> **ACTIVITY**: Reproduce the full listing as it stands. Images do not belong in the copy.

> **AVAILABLE DATA**:
'''
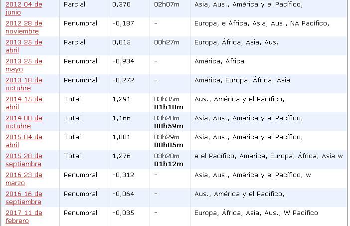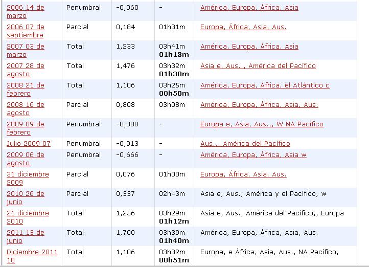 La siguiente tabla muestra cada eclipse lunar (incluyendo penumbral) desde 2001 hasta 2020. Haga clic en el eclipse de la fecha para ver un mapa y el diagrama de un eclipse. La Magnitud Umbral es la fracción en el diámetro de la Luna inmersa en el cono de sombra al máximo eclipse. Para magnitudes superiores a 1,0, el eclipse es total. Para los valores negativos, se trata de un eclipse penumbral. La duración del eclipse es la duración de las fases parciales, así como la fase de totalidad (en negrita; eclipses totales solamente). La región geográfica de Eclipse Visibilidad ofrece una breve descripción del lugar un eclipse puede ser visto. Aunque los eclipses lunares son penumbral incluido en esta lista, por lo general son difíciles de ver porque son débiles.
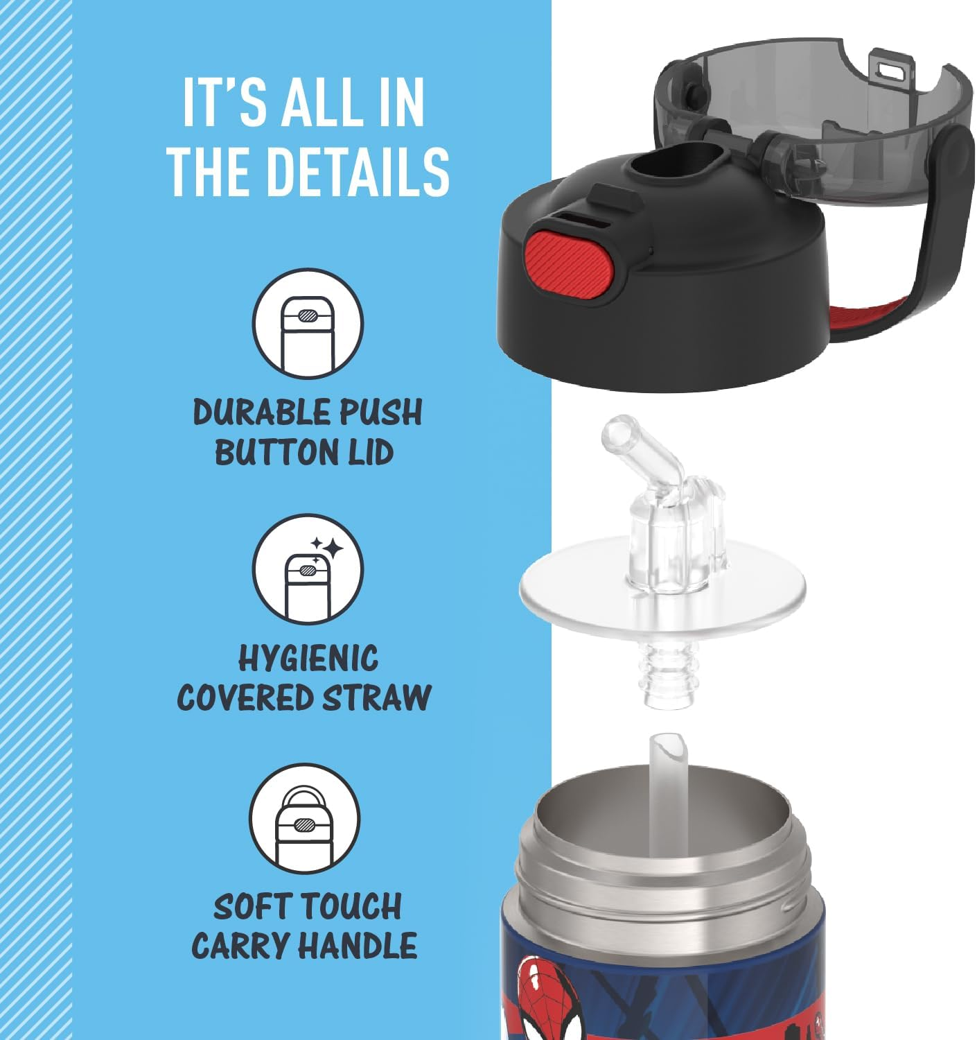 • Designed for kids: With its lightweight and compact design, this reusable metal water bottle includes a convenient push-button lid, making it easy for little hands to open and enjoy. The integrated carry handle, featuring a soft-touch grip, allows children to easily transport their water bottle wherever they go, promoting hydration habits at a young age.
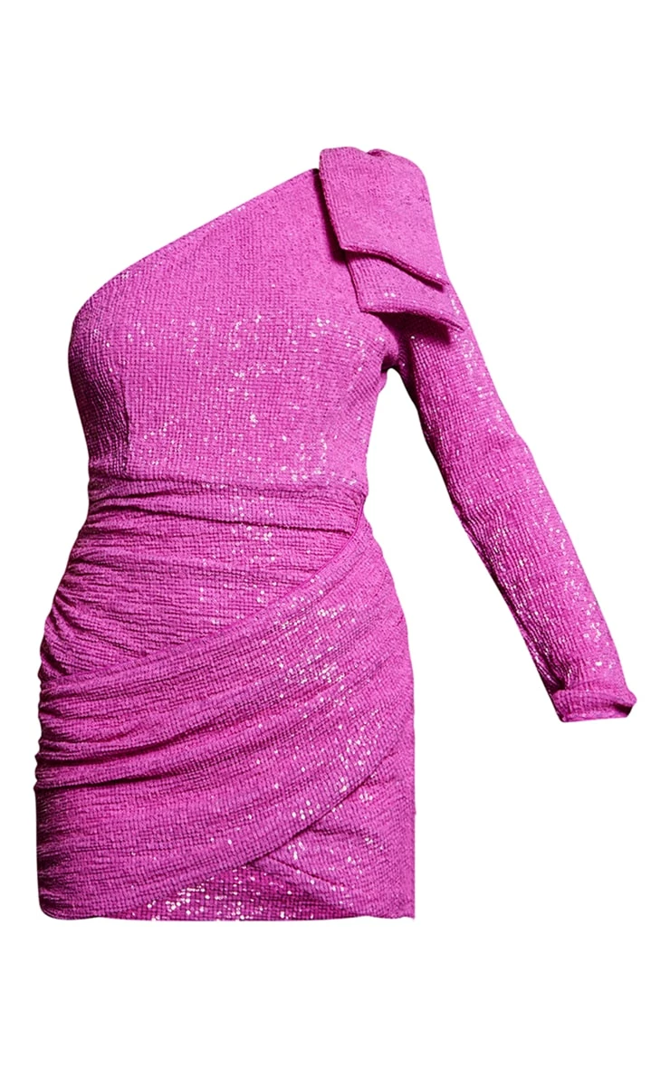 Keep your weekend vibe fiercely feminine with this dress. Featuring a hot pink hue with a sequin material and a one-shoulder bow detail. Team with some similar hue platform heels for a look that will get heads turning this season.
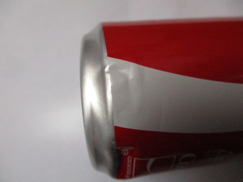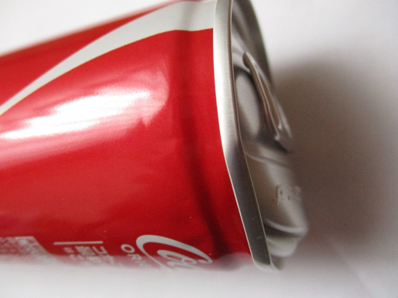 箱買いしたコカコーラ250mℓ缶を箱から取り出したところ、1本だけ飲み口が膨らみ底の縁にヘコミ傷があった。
'''
> **YOUR RESPONSE**:
 La siguiente tabla muestra cada eclipse lunar (incluyendo penumbral) desde 2001 hasta 2020. Haga clic en el eclipse de la fecha para ver un mapa y el diagrama de un eclipse. La Magnitud Umbral es la fracción en el diámetro de la Luna inmersa en el cono de sombra al máximo eclipse. Para magnitudes superiores a 1,0, el eclipse es total. Para los valores negativos, se trata de un eclipse penumbral. La duración del eclipse es la duración de las fases parciales, así como la fase de totalidad (en negrita; eclipses totales solamente). La región geográfica de Eclipse Visibilidad ofrece una breve descripción del lugar un eclipse puede ser visto. Aunque los eclipses lunares son penumbral incluido en esta lista, por lo general son difíciles de ver porque son débiles.
 • Designed for kids: With its lightweight and compact design, this reusable metal water bottle includes a convenient push-button lid, making it easy for little hands to open and enjoy. The integrated carry handle, featuring a soft-touch grip, allows children to easily transport their water bottle wherever they go, promoting hydration habits at a young age.
 Keep your weekend vibe fiercely feminine with this dress. Featuring a hot pink hue with a sequin material and a one-shoulder bow detail. Team with some similar hue platform heels for a look that will get heads turning this season.
 箱買いしたコカコーラ250mℓ缶を箱から取り出したところ、1本だけ飲み口が膨らみ底の縁にヘコミ傷があった。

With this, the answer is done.